* Por Guilherme Cruz e Maíra Leal
Não é de hoje que a concorrência entre bancos tradicionais e os comumente chamados “bancos digitais” ou fintechs tem crescido em ritmo acelerado. Especialmente porque as fintechs conseguem disponibilizar aos seus clientes praticamente todos os principais serviços que os bancos também oferecem hoje em dia, como financiamentos, empréstimos e pagamentos online, com a vantagem de o fazerem com muito mais eficácia e desburocratização para o consumidor final, graças ao intenso uso de tecnologia e baixo custo de operação.
Nesse sentido, os esforços dos agentes regulatórios do setor nos últimos anos escancararam ainda mais as portas do mercado para as fintechs. Podemos citar a Resolução nº 4.649 do Banco Central, que, em suma, estabeleceu a proibição aos bancos comerciais de limitar ou bloquear o acesso de outras instituições autorizadas pelo BC (inclua-se as fintechs) aos serviços e produtos comumente comercializados por aqueles, como emissão de boletos, cartão de débito, DOC, TED, etc. Assim, os bancos não tiveram outra alternativa a aceitar essas “parcerias forçadas”.

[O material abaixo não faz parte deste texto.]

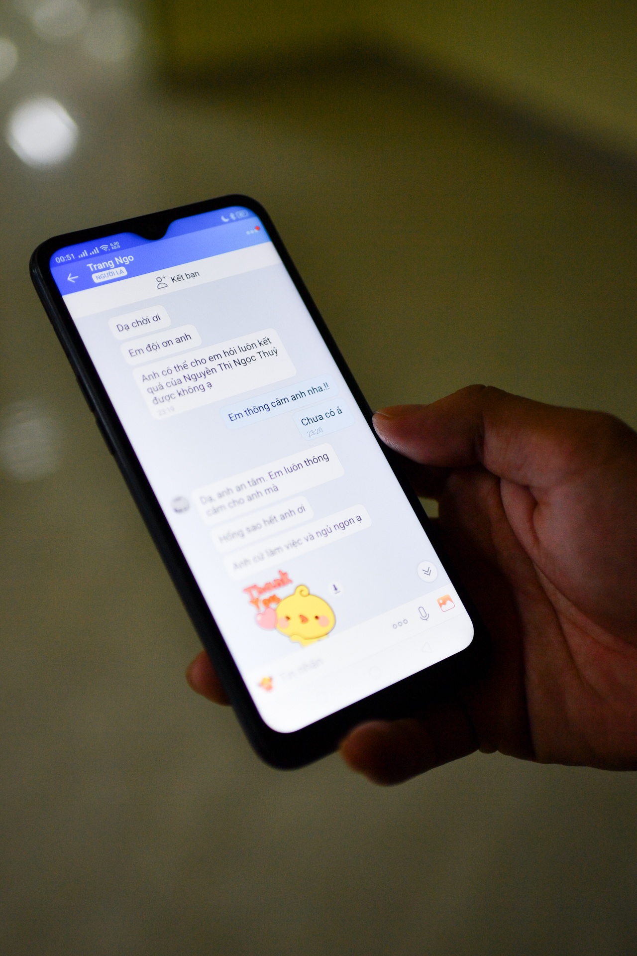 | Đây là chiếc điện thoại có số hotline của đội ngũ y tế phụ trách khu cách ly. Có nhiều người nhắn tin đến hỏi kết quả xét nghiệm, hoặc yêu cầu hỗ trợ những tình huống khó khăn. Vì vậy, chúng tôi phải chia ca, thay nhau cầm chiếc điện thoại "đặc biệt" này. |
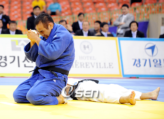 '2008 베이징올림픽 최종선발전 및 제 47회 전국 체급별 남,녀 유도선수권 대회'가 8일 수원 실내체육관에서 벌어졌다. -90kg급 결승전서 최선호(수원시청, 청색)가 황의태(수원시청)에게 경기 종료 직전 업어치기 한판승으로 베이징 올림픽 출전권을 거머줬다. 최선호가 승리를 거둔 뒤 기도하고 있다. /수원=황세준 기자 storkjoon@osen.co.kr

O fato é que, mesmo assim, as operações de empréstimo e financiamento das fintechs ainda obrigatoriamente lastreadas pelos bancos e instituições financeiras tradicionais limitava as fintechs a meros correspondentes bancários. A necessidade de um agente financeiro para tais movimentações tornavam os procedimentos mais onerosos. Inevitavelmente, esses custos eram repassados aos clientes.
Isso ocorreu obrigatoriamente até a edição da resolução 4.656 do Banco Central do Brasil que trouxe à faculdade das fintechs de continuarem tais parcerias ou se enquadras nos dois novos tipos de Instituições financeiras: a Sociedade de Crédito direto (SCD) e a Sociedade de empréstimo em pessoas (SEP).
A partir desse momento é que entra em cena um player que pode fazer toda a diferença nos rumos dos negócios envolvendo startups financeiras: os fundos de investimento em direitos creditórios.
Esses agentes têm sua participação nesse novo mercado, prevista e regulada, também pela resolução 4.656 do BC, seja integrando o quadro societário da SCD ou da SEP, seja atuando como credor nas operações de empréstimo e financiamento intermediadas por esta última.
No primeiro caso, os fundos poderão participar do quadro societário da SEP ou SCD após a oferta de ações, já que elas têm por obrigação serem constituídas como S/A. Caso essa participação seja igual ou superior a 15% eles serão detentores da chamada “participação qualificada”, conforme emana o inciso III do art. 2º da resolução.
Além disso, se, em conjunto com uma pessoa ou grupo de pessoas, os fundos de investimento concentrarem maioria do capital votante dessas sociedades, eles farão parte do chamado “grupo de controle” e certamente terão papel preponderante nas diretrizes da SCD ou SEP as quais sejam sócios. (p. único, art. 2º)
Na segunda hipótese é prevista a possibilidade, conforme artigo 8º, § 1º, III da aludida resolução, de os fundos atuarem como parte credora das operações de empréstimo e financiamento intermediadas pela SEP.
Faz-se necessário salientar que, nesses casos, a SEP tem vedação expressa de assumir o risco de crédito da obrigação assumida pelas partes, conforme preceitua o Artigo 10 da resolução 4.656.
Assim, a SEP pode proteger seu patrimônio em caso de uma eventual inadimplência de qualquer das partes, tendo liberdade para continuar destinando-o para seu rol de objetos elencados no art. 7º.
Com tanta inovação e segurança jurídica proporcionada por estes esforços regulatórios, as fintechs vêm conquistando um grande número de admiradores e usuários, principalmente entre o público jovem dessa geração pontocom. São dezenas de serviços já disponíveis, merecendo destaque a conta-corrente digital sem tarifa; cartão de crédito, quase sempre, sem anuidade; investimentos; consórcios; seguros e até empréstimos personalizados e com menores taxas de juros.
Pelo que parece essas novas startups, fortalecidas com os valiosos aportes dos fundos de investimento vieram para ficar. E nesse mundo globalizado e com escassez de tempo, de fato, já conquistaram uma parcela significativa de consumidores.
Portanto, a abertura dada recentemente aos fundos de investimento para participarem desse mercado de fintechs emergente no Brasil e no mundo tem se mostrado de grande importância para o fomento desse tipo de atividade, acirramento da concorrência e inevitavelmente o aprimoramento dos processos e serviços a ele relacionados.
* Guilherme Cruz é advogado e Maíra Leal é colaboradora, ambos do MLA – Miranda Lima Advogados.